The current main entry point into the toolbox if you are using a JSON-based job configuration file (as opposed to loading the modules manually and writing your own Python code).

This script is currently very simple. It takes in one or more JSON files with job configurations, instantiates a DTJob object based on each one, and runs each DTJob in turn. Everything else is handled by the rest of the toolbox.

See the main README.md file for some details on the JSON job file format. And you'll probably also want to check out the sample_jobfiles directory and/or our video tutorials for some usage hints.



Usage

python delineate.py my_first_job.json [my_second_job.json] [my_third_job.json] ...

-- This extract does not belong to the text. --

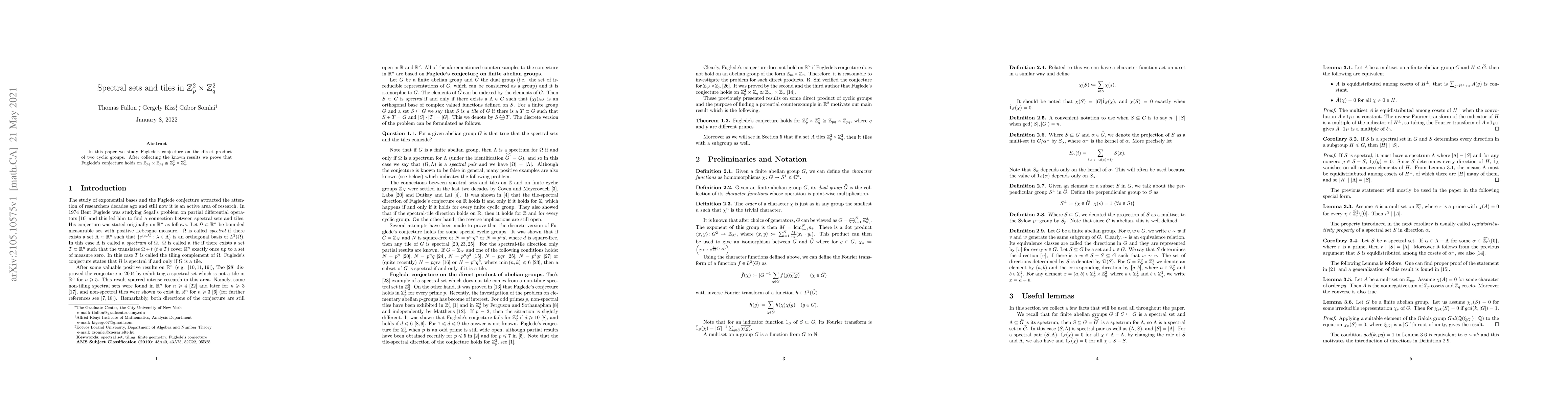 This research contributes to the understanding of spectral sets and their properties, with potential applications in number theory and algebraic geometry.

python: Can be either Python 2 or 3 (but see README.md in the root folder of the repository for compatibility details). You might replace python with whatever command you use to invoke the Python interpreter. On many systems it seems that Python 2.7 is still the default and that is what you get when you run python, but if you have other versions installed, or aliases or whatever, you might say python3 or py3 or something like that instead here.

delineate.py: This script. Note if you are not inside the main DeLINEATE directory when running the script, you would need to specify the full pathname, e.g.

python ~/delineate_toolbox_dir/delineate.py my_first_job.json my_second_job.json

my_first_job.json (etc.): JSON-formatted job files; any number can be specified and the script will run them in sequence. If one of them encounters a fatal error (including incorrect JSON formatting), the current functionality is for the whole script to terminate without running subsequent jobs. However, if the user manually interrupts running (e.g. with Control-C), the script will continue with the next job in the sequence. This is useful if, for example, you have a whole bunch of models queued up and you see that one is not working very well -- in that case, you can just terminate the current analysis manually and have the script move on to the next one.

For those who care about the implementation details, note that what this script will do is create a DTJob object out of each file specified on the command line. The JSON-format job config files can contain either a single job specification or a list of such specifications, but either way, this script does not concatenate the files or anything like that. So if you specify three files with two jobs each in them, this script will create three DTJob objects, each containing a list of two jobs. This detail shouldn't really matter to the end user unless you're using this code as a template to write your own script.